(Exercise instructions)
Only the lines from the beginning of the entries through the one that holds "Не нужно быть" may appear in the answer, written out exactly and free of pictures.

---------- Provided material

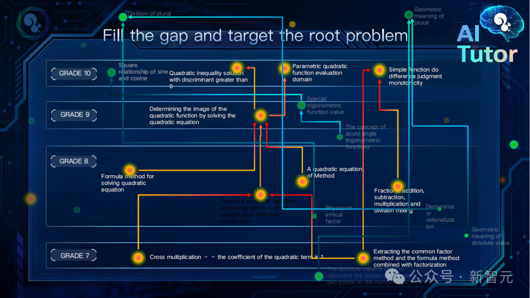 这时,AI系统就会根据题目追根溯源,建议学生重新温习七年级学习课程。
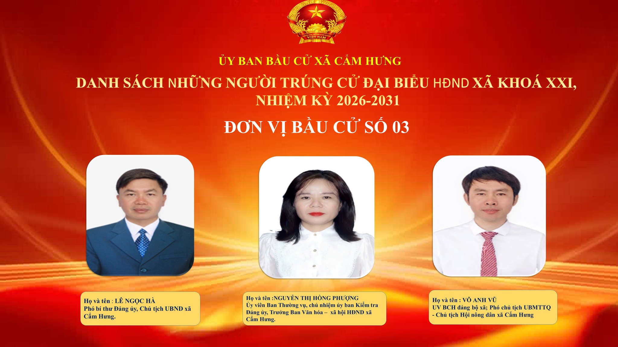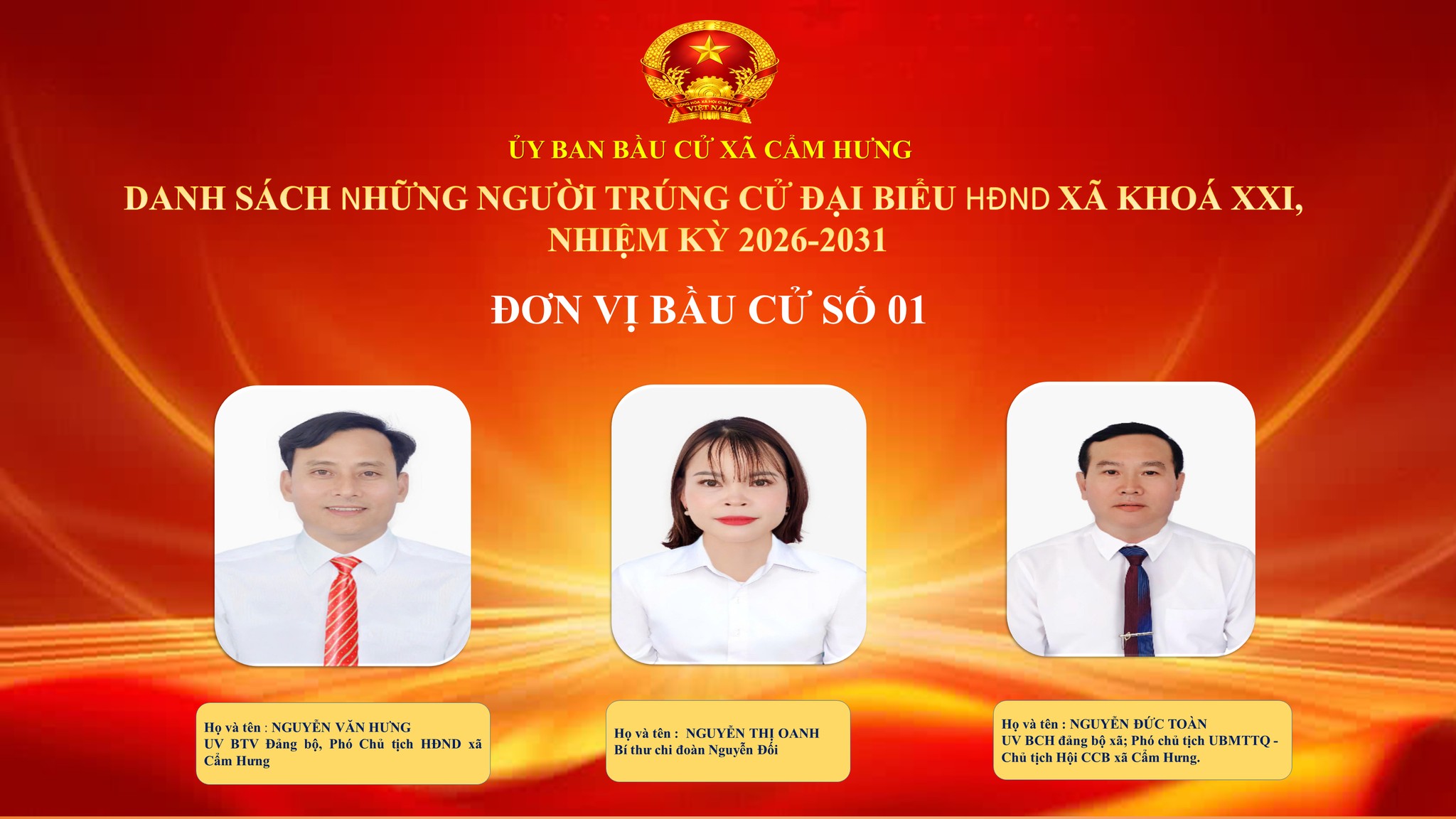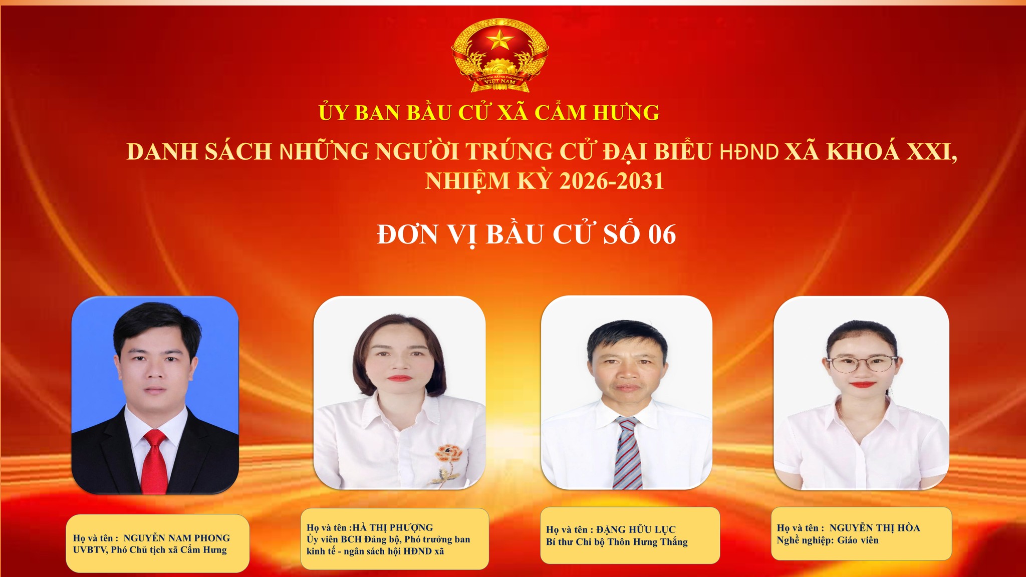 Ủy ban bầu cử xã Cẩm Hưng chính thức công bố kết quả bầu cử đại biểu Hội đồng nhân dân xã khóa XXI, nhiệm kỳ 2026 – 2031 theo đúng quy định của pháp luật, bảo đảm dân chủ, công khai, minh bạch và đúng trình tự, thủ tục.
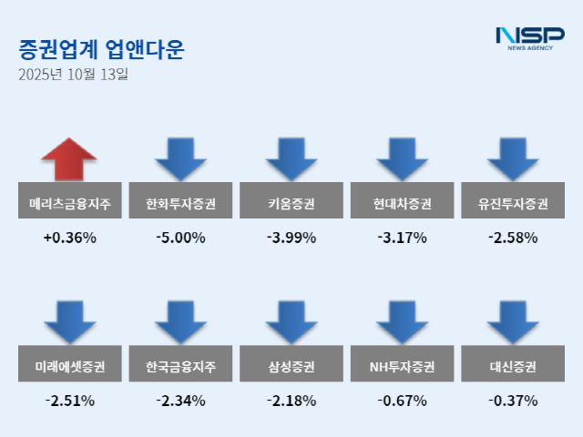 (서울=NSP통신) 임성수 기자 = 13일 코스피(-0.72%) 하락, 코스닥(+0.12%)은 상승했다. 증권주는 전 거래일 대비 1.69% 하락했다. 증권주 38종목 가운데 상승은 2개, 보합 3개, 하락 33개다.
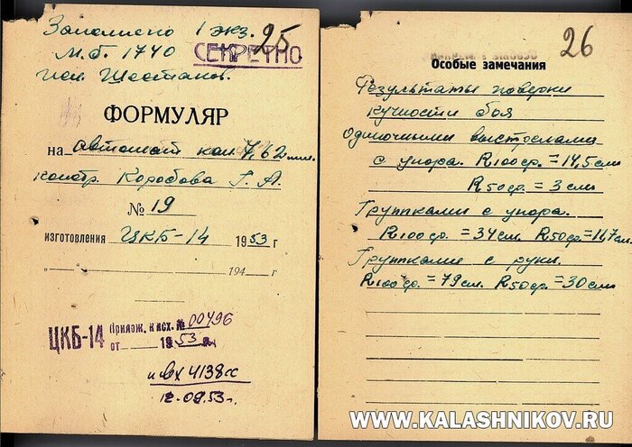 Не нужно быть особым провидцем, чтобы понять: ствол автомата был заменён для каких-то работ с ним, но когда, кто и зачем это сделал, было непонятно. Однако эти сомнения не носили критического характера и относились автором к второстепенным событиям, не имевшим влияния на существующую канву событий, сопровождавших рождение АК-47. Однако в этой части истории АК-47 № 1, всё оказалось совсем не так, как считалось до сих пор. И помогли в ней разобраться, как это чаще всего бывает, документы полигона ГАУ (НИПСМВО), хранящиеся в архиве музея.
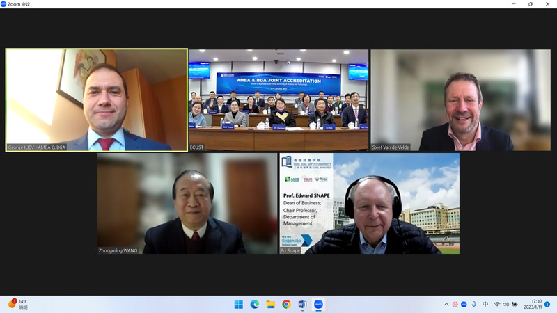 今年1月9日至11日,由AMBA和BGA国际认证咨询委员会主席Steefvan de Velde教授、香港浸会大学商学院院长Edward Snape教授、浙江大学全球创业研究中心主任王重鸣教授、AMBA和BGA认证总监George Iliev先生组成的AMBA和BGA国际认证专家组对完美官方在线入口商学院开展了为期三天的线上认证评估。校党委书记杜慧芳,副校长李剑,党委办公室主任侯宇,研究生院院长杜文莉,教务处处长黄婕,国际教育学院院长李霄鹏,商学院党委书记侯丽敏、院长马铁驹,以及商学院党政班子成员和相关部门负责人出席了认证会谈。

--------------------

(Written response)
 这时,AI系统就会根据题目追根溯源,建议学生重新温习七年级学习课程。
 Ủy ban bầu cử xã Cẩm Hưng chính thức công bố kết quả bầu cử đại biểu Hội đồng nhân dân xã khóa XXI, nhiệm kỳ 2026 – 2031 theo đúng quy định của pháp luật, bảo đảm dân chủ, công khai, minh bạch và đúng trình tự, thủ tục.
 (서울=NSP통신) 임성수 기자 = 13일 코스피(-0.72%) 하락, 코스닥(+0.12%)은 상승했다. 증권주는 전 거래일 대비 1.69% 하락했다. 증권주 38종목 가운데 상승은 2개, 보합 3개, 하락 33개다.
 Не нужно быть особым провидцем, чтобы понять: ствол автомата был заменён для каких-то работ с ним, но когда, кто и зачем это сделал, было непонятно. Однако эти сомнения не носили критического характера и относились автором к второстепенным событиям, не имевшим влияния на существующую канву событий, сопровождавших рождение АК-47. Однако в этой части истории АК-47 № 1, всё оказалось совсем не так, как считалось до сих пор. И помогли в ней разобраться, как это чаще всего бывает, документы полигона ГАУ (НИПСМВО), хранящиеся в архиве музея.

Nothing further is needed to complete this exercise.